# So I did it



## RoSsIkId

After 317days 4hours and 35min of Vaping I did. I got myself a Reo Mini LP SL.

Went to go buy some nautilus mini coils as im only using the nauty and hana so I burn through a packet of coils in a month. Under the impression of only spending R150 I was met by this Reo and was told its for sale. So I vaped and vaped and vaped abit more. The very good sales man did get the better of me and I took one pack of nauty coils and the Reo with some spares.




Got two names in mind

Mercedes
Porsche

Reactions: Like 5 | Winner 6


----------



## LandyMan

Very nice man!


----------



## Andre

That Mini looks in perfect condition.
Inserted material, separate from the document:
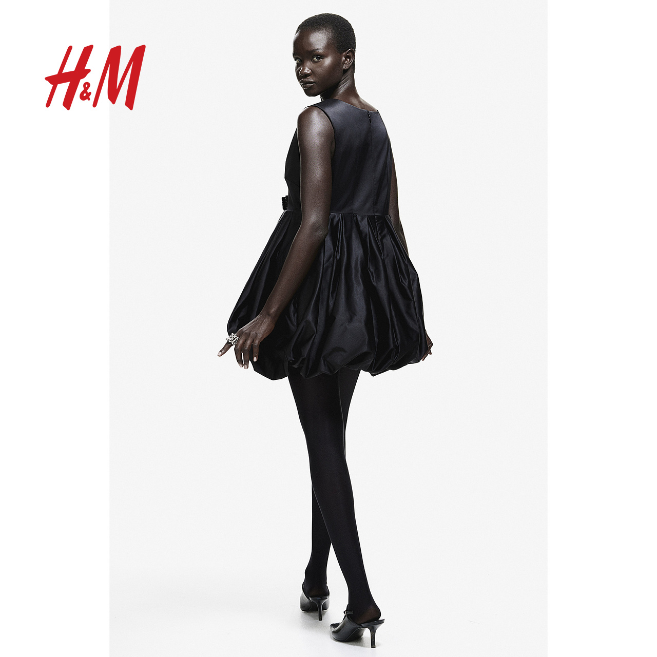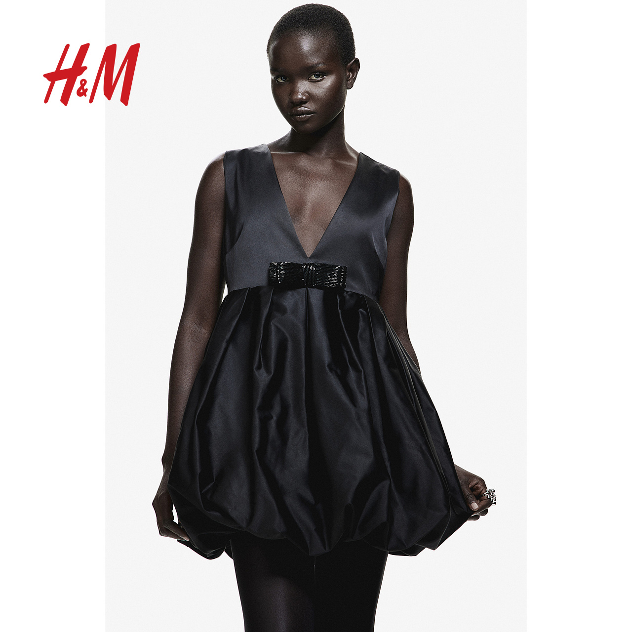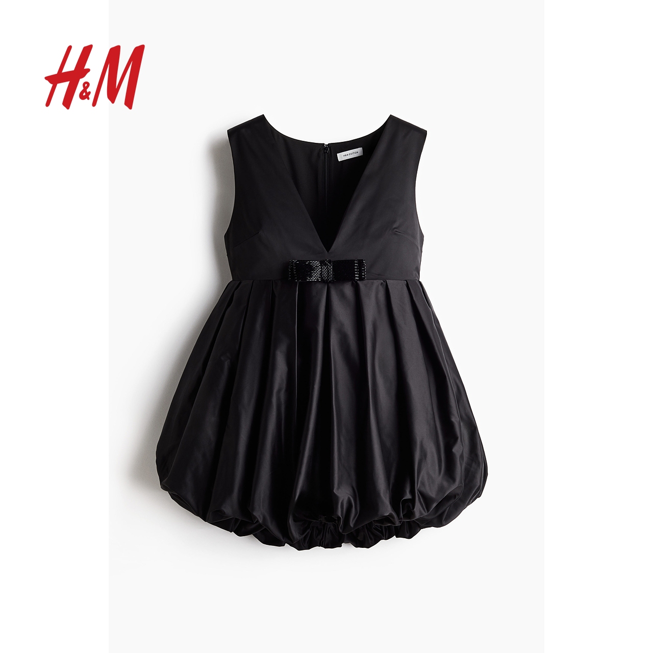 锻质泡泡下摆礼服party小礼裙1260286 v领无袖 HM女装 连衣裙秋季

Congrats, you deserve it after so many days, hours and minutes of vaping! Most welcome to Reoville. Enjoy, looking forward to your impressions once you have spent some time with *Porsche*.

Reactions: Like 1


----------



## annemarievdh

Congrats @RoSsIkld !! Finally!!! 


Send while vaping on the Reo mini Thor

Reactions: Like 1


----------



## Alex

Congrats @RoSsIkId

Reactions: Like 1


----------



## rogue zombie

Congrats bud, enjoy!

Reactions: Like 1


----------



## Rotten_Bunny

Hahahaha.whoooohoooooo.!!! Welcome to.Reoville 

Rotten Bunny.

Vape the Planet !

Reactions: Like 1


----------



## Imthiaz Khan

Congrats @RoSsIkId 
It's a choice you will never regret!

Reactions: Like 1


----------



## stevie g

I like Mercedes more


----------



## RoSsIkId

Hahahaha dont confuse me. I think the best person to ask for advice on giving a name to such a lady is @Rob Fisher


----------



## Silver

Awesome @RoSsIkId !
Wishing you all the best with the Reo
Enjoy!


----------



## Rob Fisher

RoSsIkId said:


> Hahahaha dont confuse me. I think the best person to ask for advice on giving a name to such a lady is @Rob Fisher



She sure looks like an Adrianne or a Mila to me!

Reactions: Agree 1


----------



## RoSsIkId

Porsche it will be




Thank you oom @Rob Fisher

Reactions: Like 1 | Winner 1


----------



## Andre

RoSsIkId said:


> Porsche it will be
> 
> View attachment 22443
> 
> 
> Thank you oom @Rob Fisher


Ooh, now you need a red drip tip!


----------



## RoSsIkId

Andre said:


> Ooh, now you need a red drip tip!



A red door would fit just as good

Reactions: Agree 1


----------



## Andre

RoSsIkId said:


> A red door would fit just as good


True...


----------



## RoSsIkId

(PORSH-ə in English, homophonous with the feminine name Portia)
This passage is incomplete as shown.